2.4. Statistical Analysis

Descriptive statistics summarized demographic, clinical, cognitive, and participation data. Group differences in continuous variables (MoCA, Brief-COPE, USER-P) were tested with independent-samples t-tests or Mann–Whitney U tests, and categorical variables (e.g., MoCA ≤ 22) with Fisher’s exact test. Within the patient group, subgroup analyses compared USER-P outcomes between cognitively impaired (MoCA ≤ 22) and preserved (MoCA > 22) patients. Pearson correlations examined associations between MoCA and USER-P domains. Multiple linear regressions identified independent predictors of each USER-P domain (restrictions, frequency, satisfaction). Effect sizes were calculated using Cohen’s d for between-group comparisons. Analyses were conducted in IBM SPSS Statistics v21.0, with p < 0.05 considered significant.

3. Results

Forty patients who completed the one-year follow-up and seventy-five healthy controls were included in the final analysis. Controls were individually matched to patients by sex, age, and education level. The patient group comprised 26 women (65.0%) with a mean age at assessment of 53.8 years (SD = 9.8; range: 35–74 years). At admission, 11 patients (27.5%) had Hunt and Hess grade I and 29 patients (72.5%) had grade II. Thirty-five patients were matched with two healthy controls each, and five with one. Premorbid comorbidities, including hypertension, cardiovascular disease, hyperlipidemia, and diabetes, were significantly more prevalent in the patient group compared to controls (80.0% vs. 52.5%, p = 0.006). Detailed demographic and clinical characteristics are summarized in

Table 1. Demographic, clinical, and psychological characteristics of the study sample.

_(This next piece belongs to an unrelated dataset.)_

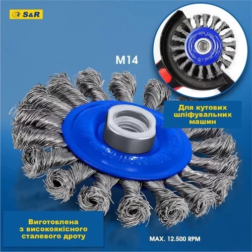 • Чашкова та дискова щітки підходять для використання разом із болгаркою з посадковим отвором М14.

	Patients (n = 40)	Controls (n = 75)
Sex, n (%) female	26 (65.0%)	53 (66.3%)
Sex, n (%) male	14 (35.0%)	27 (33.7%)
Age at test, mean (SD)	53.8 (9.8)	53.1 (9.6)
Education: low/intermediate	36 (90.0%)	68 (90.7%)
Education: high	4 (10.0%)	7 (9.3%)
Marital status: Married	23 (57.5%)	50 (62.5%)
Divorced	2 (5.0%)	10 (12.5%)
Widowed	8 (20.0%)	5 (6.2%)
Single	7 (17.5%)	10 (12.5%)
Living with others	37 (92.5%)	68 (85.0%)
Living alone	3 (7.5%)	7 (8.8%)
Employed	18 (45.0%)	56 (70.0%)
Unemployed	9 (22.5%)	4 (5.0%)
Retired	13 (32.5%)	15 (18.8%)
Premorbid comorbidities:
Hypertension	25 (62.5%)	31 (38.8%)
Cardiovascular disease	4 (10.0%)	6 (7.5%)
Hyperlipidemia	7 (17.5%)	9 (11.2%)
Diabetes	6 (15.0%)	2 (2.5%)
At least one comorbidity	32 (80.0%)	42 (52.5%)
Anterior circulation aneurysm	37 (92.5%)	—
Posterior circulation aneurysm	3 (7.5%)	—
HH grade I	11 (27.5%)	—
HH grade II	29 (72.5%)	—
Length of hospital stay (LOS), mean (SD)	12.8 (5.9)	—
Rebleeding	0 (0.0%)	—
Ischemia	9 (22.5%)	—
Hydrocephalus	2 (5.0%)	—
HADS—depression, mean (SD)	5.0 (4.0)	3.6 (2.8)
HADS—depression ≥ 8, n (%)	9 (22.5%)	1 (1.3%)
HADS—depression ≥ 11, n (%)	4 (10.0%)	0 (0.0%)
HADS—anxiety, mean (SD)	7.1 (4.5)	5.0 (2.9)
HADS—anxiety ≥ 8, n (%)	14 (35.0%)	11 (13.8%)
HADS—anxiety ≥ 11, n (%)	8 (20.0%)	2 (2.5%)
MoCA, mean (SD)	22.3 ± 5.3	27.2 ± 2.2
MoCA ≤ 22, n (%)	17 (42.5%)	2 (2.7%)

Abbreviations: HH = Hunt and Hess grade; LOS = Length of hospital stay; HADS = Hospital Anxiety and Depression Scale; MoCA = Montreal Cognitive Assessment; SD = Standard deviation; ≥ = equal or greater than; — = not applicable.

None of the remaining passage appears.